Tuesday, June 7, 2011

Early Bernanke comment...important German comment on Greece...


Overall: In line with expectations – indicating we need higher unemployment & stock down before QE3 – or something similar comes into play, but….  He is concerned about EMPLOYMENT – indicating that his /FED's focus changed slightly from deflation to EMPLOYMENT.. .which could mean some policy adjustments.

 

Here our Operation Twist could play role and likewise changes to deposit rules come to mind – in order to force banks to lend….

 

Most interesting thing being that Bernanke failed to say the magic words:  A strong US dollar policy – he talked extensively about the US dollar but failed to mention the normal mantra – this is MAJOR news in my opinion and could have some impact past tonight (weaker US dollar)

 

Also Jamie Dimon, CEO, of JPM Chase was very "rude" asking how BB saw regulation trade off to survival of banks… desperate Mr.
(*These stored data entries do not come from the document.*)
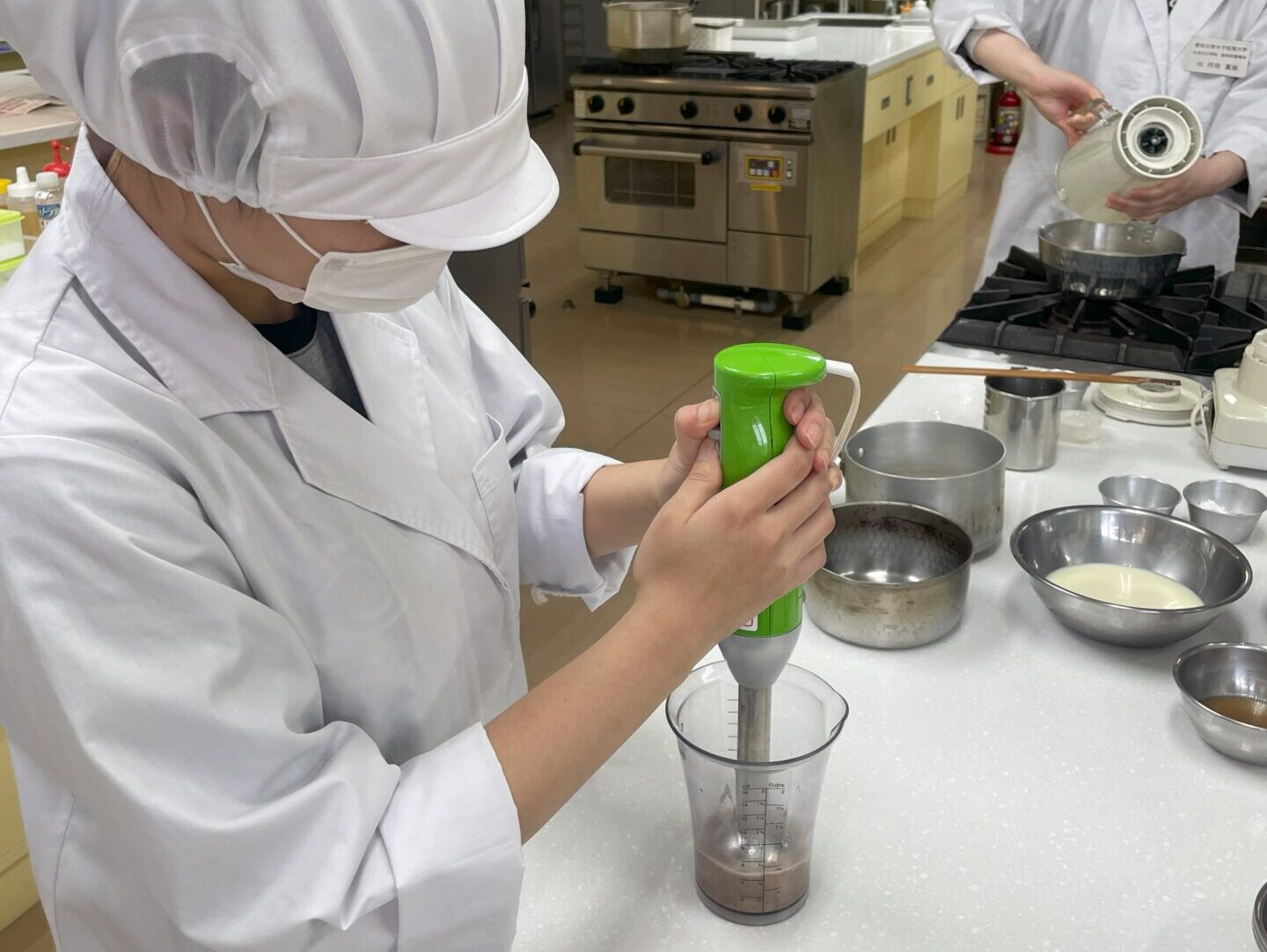また、市販のゲル化剤を頼らず、片栗粉を使ってとろみをつける方法も学びました。今回は「ねぎとじゃがいもの呉汁」を作り、とろみのつけ方や食感の違いを体験しました。
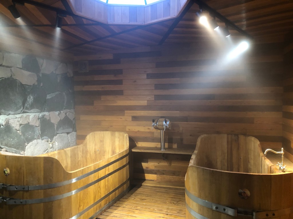Nach dem Abenteuer fuhren wir weiter nach Aspindza, wo wir uns in einer kleinen Bierbrauerei für die Nacht eingemietet hatten. Abgeschieden in ruhiger Lage in dem kleinen georgischen Dorf liegt die Amphora Brewery. Hier wird einzigartiges Bier gebraut nach einer alten Tradition. Das Bier wird wie der georgische Wein in Ton-Amphoren gelagert und zur Reife gebracht. Das Gebräu schmeckt wirklich gut. Und die Krönung des coolen Tages war der Bier-Spa. In einem Nebengebäude standen zwei Holzwannen, in denen wir ein heißes Bad mit Bieressenzen nehmen konnten. Ausgefroren wie wir waren, war das genau das Richtige.
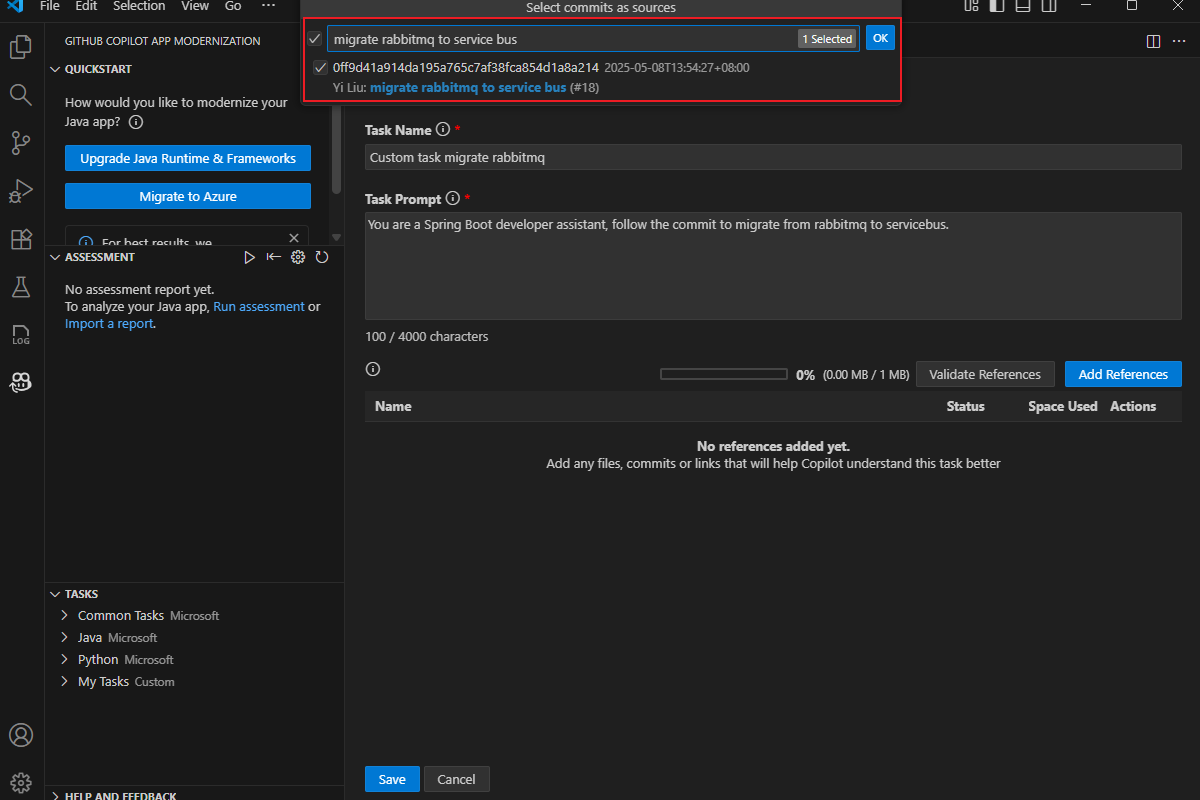task.mdfile opens. In the Task Name field, enter Custom task migrate rabbitmq. In the Task Prompt field, enter You are a Spring Boot developer assistant, follow the commit to migrate from rabbitmq to servicebus.Select Add References and then select Git commits in the pop-up dialog box.

DImon?

 

The biggest story though being this from Germany:

 

It will have two impacts:

 

1-      It will make rating agency DEFAULT Greece

2-      It will make Trichet  very hawkish on Thursday – pay back and no longer wanting to do "fiscal policies" for EU.

 

Schaeuble Seeks 7-Year Maturity Extension for Greek Bondholders

2011-06-07 20:49:12.946 GMT

 

 

By Brian Parkin and Alan Crawford

     June 7 (Bloomberg) -- German Finance Minister Wolfgang Schaeuble said bondholders must contribute a "substantial"

share of a second aid package for Greece, proposing a swap that credit-rating companies may term a default.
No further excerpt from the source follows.